Tools¶

Tools are agent capabilities defined in agent.yaml. They work on both backends — the OpenAI backend (openai/azure_openai) and the Claude backend (anthropic/ollama) dispatch every tool type through the same loader.

Quick start¶

A minimal agent with one function tool — deterministic enough to verify with holodeck test.

# agent.yaml
name: math-agent

model:
  provider: openai
  name: gpt-4o-mini
  api_key: ${OPENAI_API_KEY}
  temperature: 0.0

instructions:
  inline: "You are a calculator. Use the tools to answer arithmetic questions."

tools:
  - name: subtract
    type: function
    description: "Compute a - b. Pass a and b as numeric strings; returns the difference as a string."
    file: tools/math.py
    function: subtract

# tools/math.py
def subtract(a: str, b: str) -> str:
    """Compute ``a - b`` for two numeric string operands.

    Args:
        a: Minuend as a numeric string (e.g. ``"206588"``).
        b: Subtrahend as a numeric string.

    Returns:
        The difference ``a - b`` as a string.
    """
    return str(float(a.replace(",", "")) - float(b.replace(",", "")))

holodeck chat agent.yaml   # then ask: "What is 206588 minus 1500?"
# Agent calls subtract(a="206588", b="1500") → 205088.0

How it works¶

HoloDeck supports five tool types: function (Python callables), vectorstore (semantic search), hierarchical_document (structure-aware hybrid search), mcp (Model Context Protocol servers), and prompt (LLM-powered semantic functions — schema-defined, execution still planned). Both backends load tools at agent-startup, derive each tool's schema from its config (function type hints, MCP server discovery, etc.), and surface them to the model. RAG tools (vectorstore, hierarchical_document) embed your data — see Vector Stores for provider setup. MCP servers run as subprocesses managed by the agent lifecycle — see the MCP CLI guide for discovery and config. The sections below are condensed reference for each type.

Common fields¶

All tools share name (1–100 chars, alphanumeric + underscores, unique on the agent — used to reference the tool in test cases and logs), description (≤500 chars, helps the model decide when to call it), and type (the discriminator that determines which extra fields apply).

tools:
  - name: search_kb
    description: Search company knowledge base for answers
    type: vectorstore

Tool Type	Use case	Status
`function`	Custom Python logic	✅ Implemented
`vectorstore`	Semantic search over data	✅ Implemented
`hierarchical_document`	Structure-aware hybrid document search	✅ Implemented
`mcp`	Model Context Protocol servers (stdio)	✅ Implemented
`prompt`	LLM-powered semantic functions	🚧 Planned

Function tools ✅¶

Execute custom Python functions defined in your project. Function tools are imported at agent-config load time via importlib.util.spec_from_file_location, validated as callable, and surfaced to the model with the function's signature and docstring as the tool's parameter schema and description. src/holodeck/lib/function_tool_loader.py:load_function_tool is shared by both backends.
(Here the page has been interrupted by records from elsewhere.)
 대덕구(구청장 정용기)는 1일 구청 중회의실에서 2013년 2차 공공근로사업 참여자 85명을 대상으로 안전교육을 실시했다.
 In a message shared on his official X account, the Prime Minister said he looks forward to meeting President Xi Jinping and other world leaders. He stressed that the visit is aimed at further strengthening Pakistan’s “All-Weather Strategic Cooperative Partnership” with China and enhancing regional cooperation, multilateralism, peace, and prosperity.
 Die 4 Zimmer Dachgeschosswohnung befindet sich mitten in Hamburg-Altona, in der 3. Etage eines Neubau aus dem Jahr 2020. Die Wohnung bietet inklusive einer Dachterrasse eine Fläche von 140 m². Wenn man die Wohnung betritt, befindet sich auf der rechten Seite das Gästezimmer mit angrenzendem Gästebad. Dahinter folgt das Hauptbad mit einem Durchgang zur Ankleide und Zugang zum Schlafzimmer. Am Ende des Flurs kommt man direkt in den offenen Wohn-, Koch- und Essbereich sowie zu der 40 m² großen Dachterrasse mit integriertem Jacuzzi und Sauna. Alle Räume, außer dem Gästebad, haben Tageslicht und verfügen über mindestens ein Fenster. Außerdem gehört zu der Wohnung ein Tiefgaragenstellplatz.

Use when: custom business logic the agent calls deterministically; pure functions (math, parsing, formatting); lightweight integrations with libraries already in your venv; anything where an MCP subprocess would be overkill.

Fields¶

Field	Type	Required	Notes
`name`	string	Yes	Tool identifier (unique on agent)
`description`	string	Yes	Shown to the model — the function's docstring complements it
`type`	`"function"`	Yes	Discriminator
`file`	string (path)	Yes	Python file containing the function. Resolved relative to the directory holding `agent.yaml` (absolute paths also work)
`function`	string	Yes	Name of the callable inside `file`
`parameters`	dict	No	Optional schema for introspection. Backends derive JSON schema from type annotations when omitted
`defer_loading`	bool	No (`true`)	When `true`, excluded from the initial tool context and surfaced via tool filtering on demand. Set `false` for tools the agent should always have available

See src/holodeck/models/tool.py:FunctionTool for the full Pydantic model. A complete working sample lives at sample/financial-assistant/claude/ (wires subtract and divide into an agent).

How loading works¶

At agent-startup (not first call), the shared loader:

Resolves tool.file relative to the agent project root (the directory holding agent.yaml); absolute paths pass through unchanged.
Builds an import spec and executes the module in isolation under a synthesized name (holodeck_function_tool_<tool.name>), so two tools with the same source file don't collide.
Looks up tool.function and verifies the attribute is callable.
Returns the callable to the backend, which wraps it as a native tool (an OpenAI Agents SDK function tool or a Claude SDK in-process MCP tool).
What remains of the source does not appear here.